Ivor Hale

Personal information
- Full name: Ivor Edward Hale
- Born: 6 October 1922 Worcester, Worcestershire, England
- Died: 6 October 2010 (aged 88) Malvern, Worcestershire, England
- Batting: Right-handed
- Bowling: Right-arm off break

Domestic team information
- 1946: Sussex
- 1947–1948: Gloucestershire

Career statistics
| Competition | First-class |
| Matches | 16 |
| Runs scored | 314 |
| Batting average | 12.56 |
| 100s/50s | –/1 |
| Top score | 61 |
| Balls bowled | 126 |
| Wickets | 2 |
| Bowling average | 32.50 |
| 5 wickets in innings | – |
| 10 wickets in match | – |
| Best bowling | 1/18 |
| Catches/stumpings | 8/– |
- Source: Cricinfo, 17 October 2012

= Ivor Hale =

English cricketer

Ivor Edward Hale (6 October 1922 - 6 October 2010) was an English cricketer. Hale was a right-handed batsman who bowled right-arm off break. He was born at Worcester, Worcestershire, and was educated at Royal Grammar School Worcester.

Aged thirteen, Hale was given a trial at Lancashire's Old Trafford ground in 1936. Cec Parkin praised Hale following the schoolboys trial, stating "there can never have been a boy cricketer like him at his age". He also explained that Hale could spin the ball both ways and had the ability to bowl a googly.

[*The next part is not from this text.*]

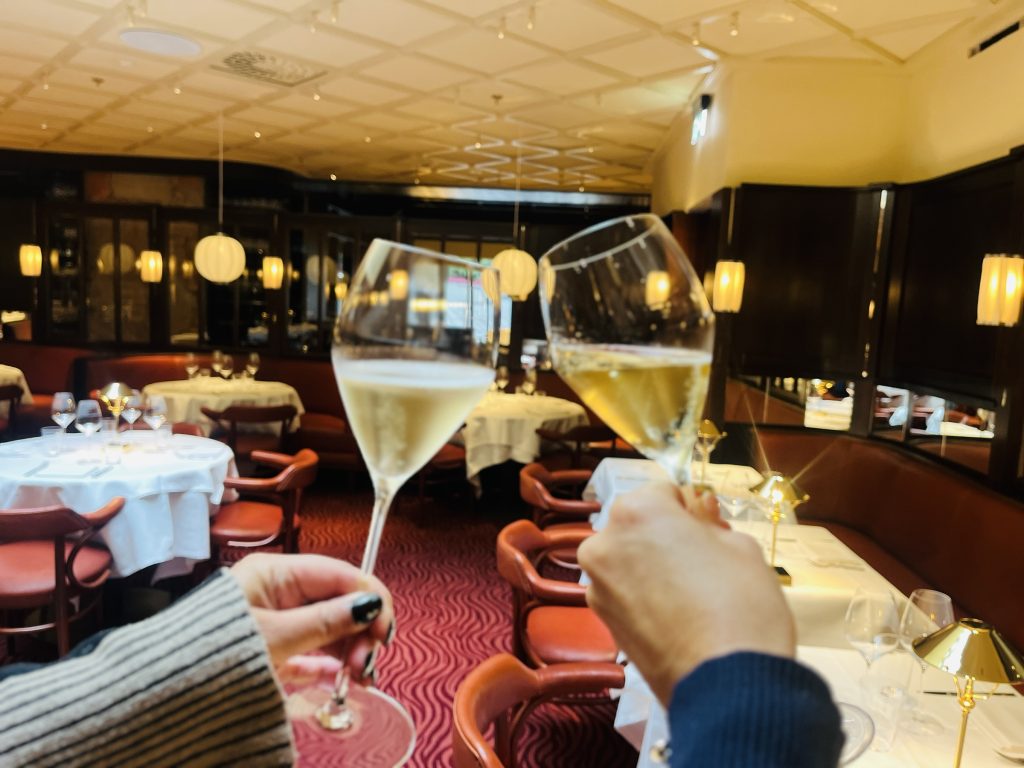 Lunchen inleddes med en skål gott Blanc de Blances bubbel i matsalen, som var fint inredd med bord, stolar, soffor och speglar. Sedan kommer man även kunna se köttkylen med specifika styckningsdelar där.

Following World War II, Hale made his first-class debut for Sussex against Oxford University in 1946 at Priory Park, Chichester. He made two further first-class appearances for Sussex in that season, against Warwickshire and Surrey, both in the County Championship. He left Sussex at the end of that season and proceeded to join Gloucestershire, making his first-class debut for the county against the Combined Services in 1947. The following season, he made twelve first-class appearances, featuring against the touring Australians and making several appearances in the County Championship. His final first-class appearance that season came against the Combined Services. In his thirteen first-class appearances for Gloucestershire, he scored 287 runs at an average of 14.35, with a high score of 61. This score was his only half century and came against Cambridge University.

He died at Malvern, Worcestershire, on 6 October 2010, his 88th birthday.